_Task:_ Return each line below exactly as it reads, and omit any image in it.

_Recorded information:_
'''
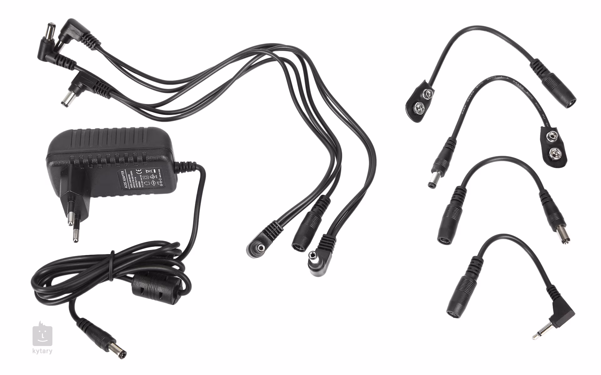 Caline CP-07A to zasilacz 9V z zestawem kabli połączeniowych, który zapewnia zasilanie do pięciu efektów gitarowych przy napięciu 9V (całkowity maksymalny pobór to 1000 mA). W zestawie znajduje się łańcuchowy interkonekt z pięcioma złączami, kabel odwracający polaryzację, reduktor wtyczki 3,5 mm oraz dwa kable do podłączenia efektów wymagających baterii 9V (np. Line 6, RAT, pedały EH i inne).
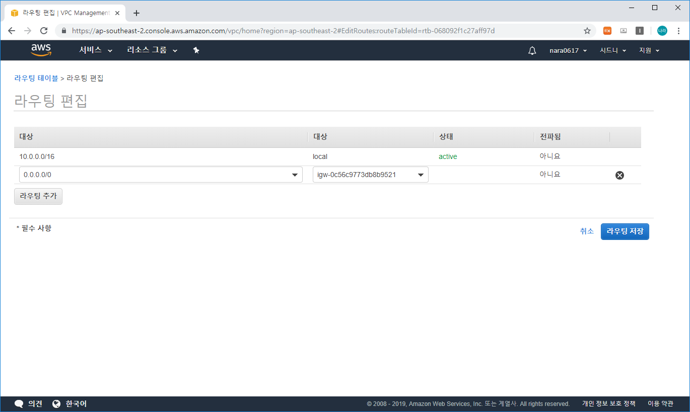 - 라우팅 테이블에 라우팅을 추가한다.
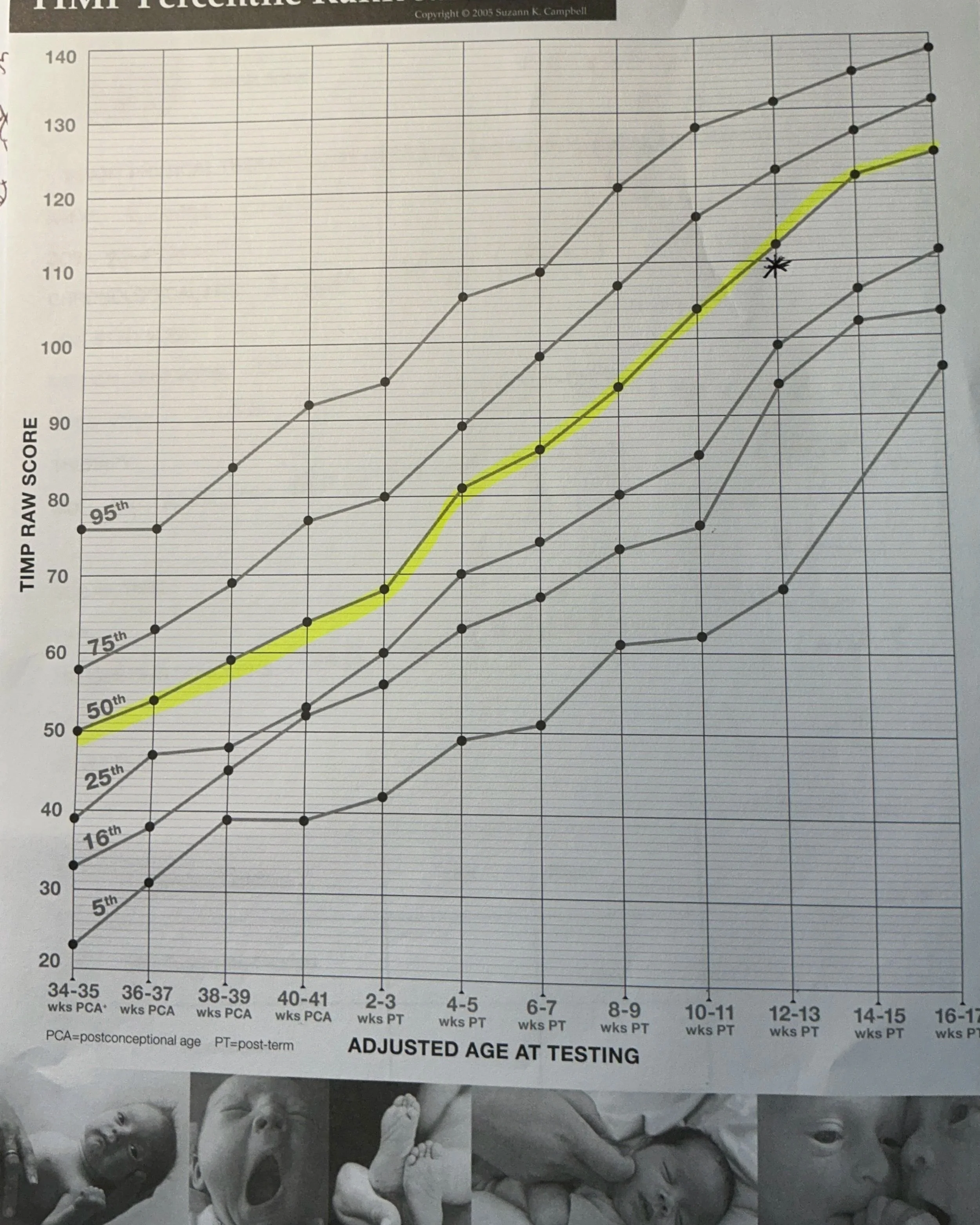 The Test of Infant Motor Performance. This is a standardized assessment of motor function in infants 34 week post conception age to 4 months adjusted age. It evaluates both observed and elicited movements of the infant in anti-gravity and gravity challenging positions to see how their nervous system responds. The score is plotted on a percentile curve.
'''
_Answer to the problem:_
 Caline CP-07A to zasilacz 9V z zestawem kabli połączeniowych, który zapewnia zasilanie do pięciu efektów gitarowych przy napięciu 9V (całkowity maksymalny pobór to 1000 mA). W zestawie znajduje się łańcuchowy interkonekt z pięcioma złączami, kabel odwracający polaryzację, reduktor wtyczki 3,5 mm oraz dwa kable do podłączenia efektów wymagających baterii 9V (np. Line 6, RAT, pedały EH i inne).
 - 라우팅 테이블에 라우팅을 추가한다.
 The Test of Infant Motor Performance. This is a standardized assessment of motor function in infants 34 week post conception age to 4 months adjusted age. It evaluates both observed and elicited movements of the infant in anti-gravity and gravity challenging positions to see how their nervous system responds. The score is plotted on a percentile curve.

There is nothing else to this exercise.